Items listed in a dataset:

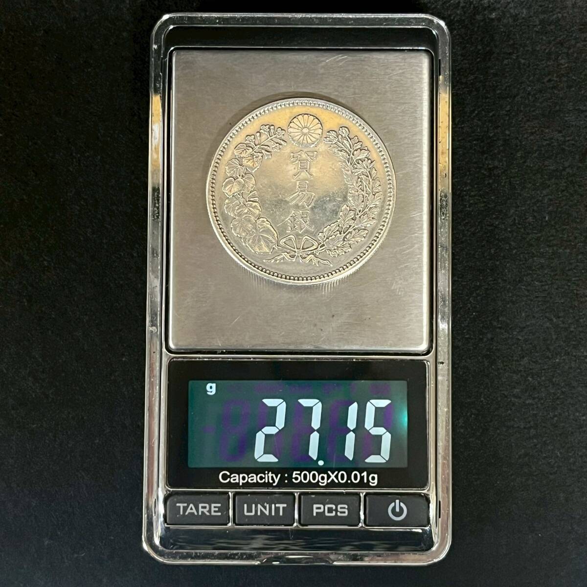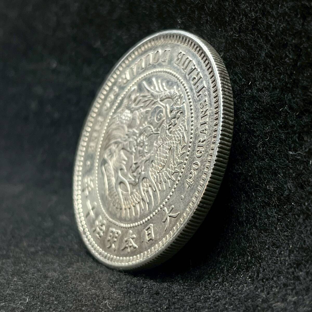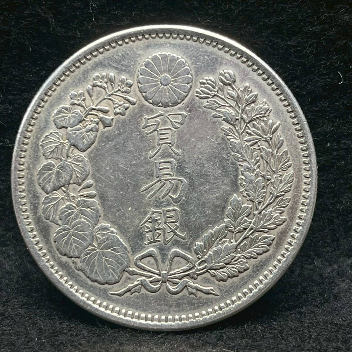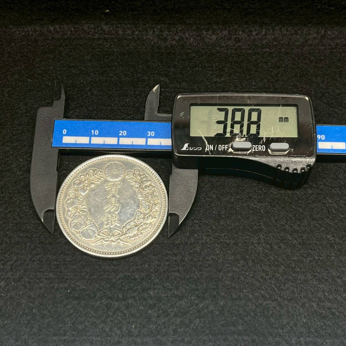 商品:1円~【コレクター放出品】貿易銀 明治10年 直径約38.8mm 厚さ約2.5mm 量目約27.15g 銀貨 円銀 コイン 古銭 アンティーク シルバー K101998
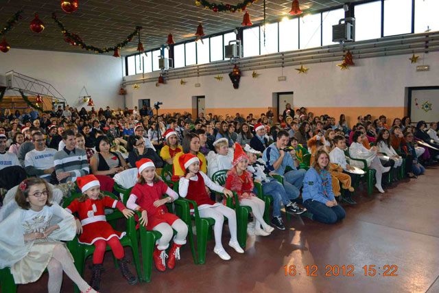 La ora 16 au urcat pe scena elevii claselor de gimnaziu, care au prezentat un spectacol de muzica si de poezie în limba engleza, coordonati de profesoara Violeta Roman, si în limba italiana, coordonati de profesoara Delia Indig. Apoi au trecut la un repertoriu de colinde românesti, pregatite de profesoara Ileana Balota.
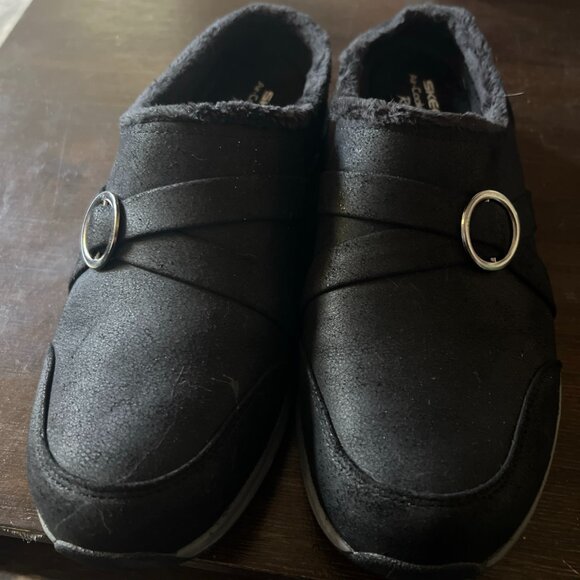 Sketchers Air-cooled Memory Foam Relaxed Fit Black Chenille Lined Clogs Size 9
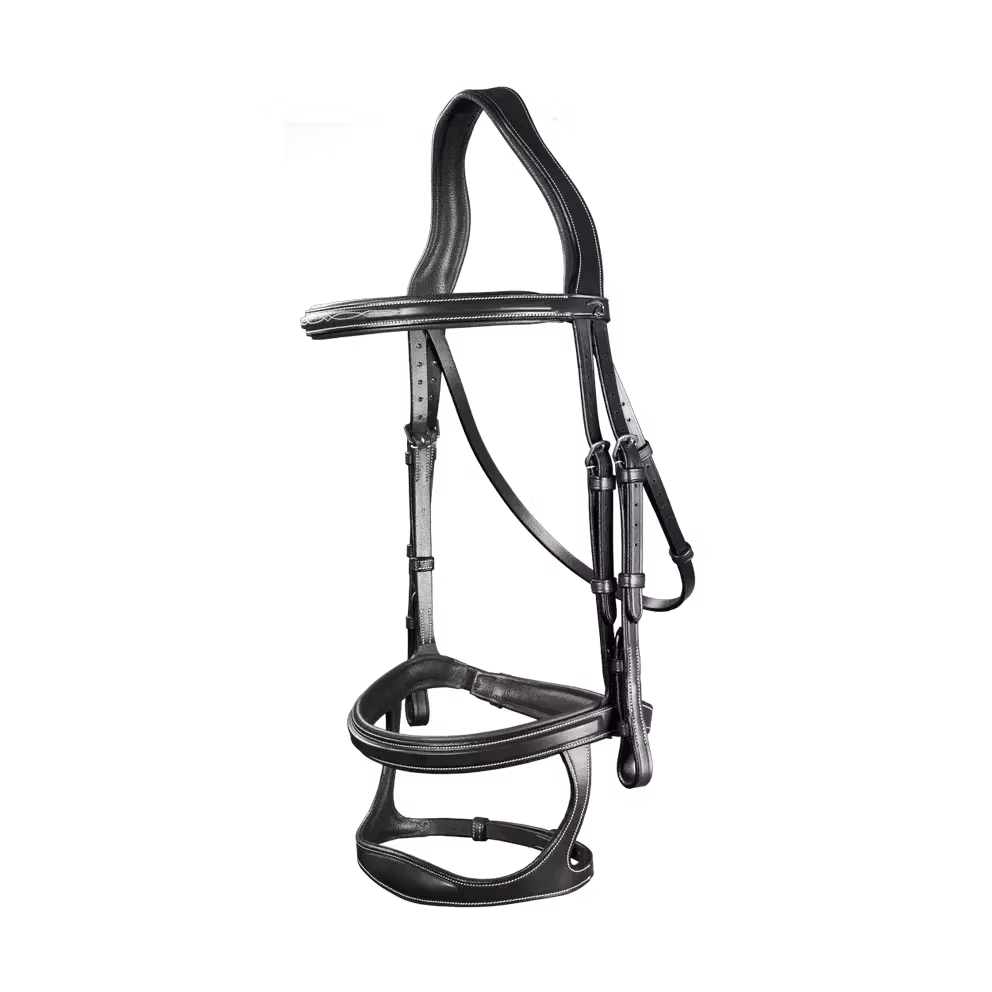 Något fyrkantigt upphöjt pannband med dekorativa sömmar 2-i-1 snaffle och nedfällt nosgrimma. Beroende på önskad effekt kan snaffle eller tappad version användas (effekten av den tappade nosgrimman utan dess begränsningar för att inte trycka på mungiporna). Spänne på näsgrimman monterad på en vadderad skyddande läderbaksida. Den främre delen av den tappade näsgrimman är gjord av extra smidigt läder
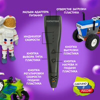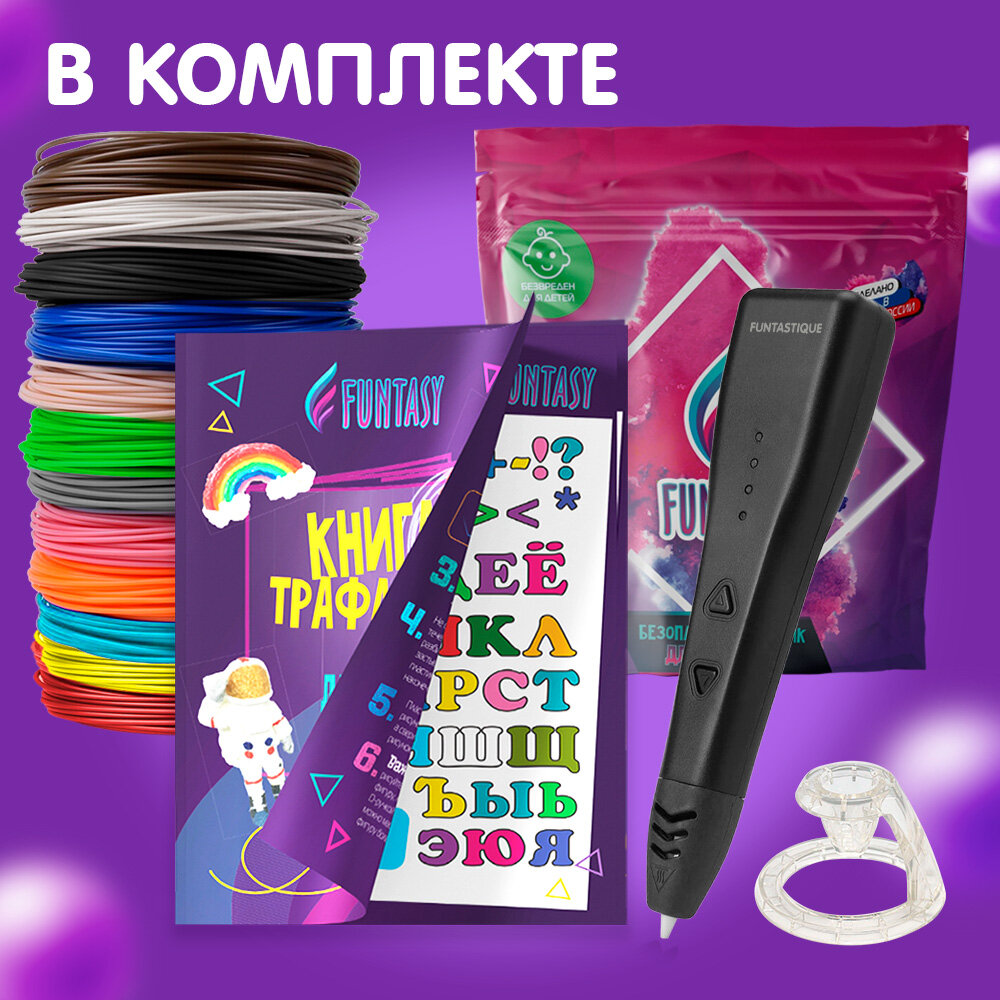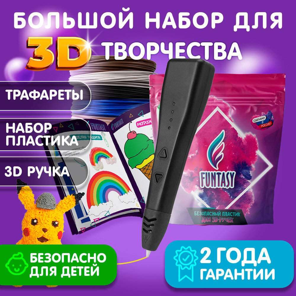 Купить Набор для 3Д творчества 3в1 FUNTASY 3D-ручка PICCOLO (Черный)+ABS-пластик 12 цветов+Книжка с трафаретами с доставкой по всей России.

#### WORK TO COMPLETE
What is needed is a word-for-word copy of the lines from the one containing "Något fyrkantigt upphöjt" through the final line of the records above, both included, with the pictures left out.

#### EXPECTED ANSWER
 Något fyrkantigt upphöjt pannband med dekorativa sömmar 2-i-1 snaffle och nedfällt nosgrimma. Beroende på önskad effekt kan snaffle eller tappad version användas (effekten av den tappade nosgrimman utan dess begränsningar för att inte trycka på mungiporna). Spänne på näsgrimman monterad på en vadderad skyddande läderbaksida. Den främre delen av den tappade näsgrimman är gjord av extra smidigt läder
 Купить Набор для 3Д творчества 3в1 FUNTASY 3D-ручка PICCOLO (Черный)+ABS-пластик 12 цветов+Книжка с трафаретами с доставкой по всей России.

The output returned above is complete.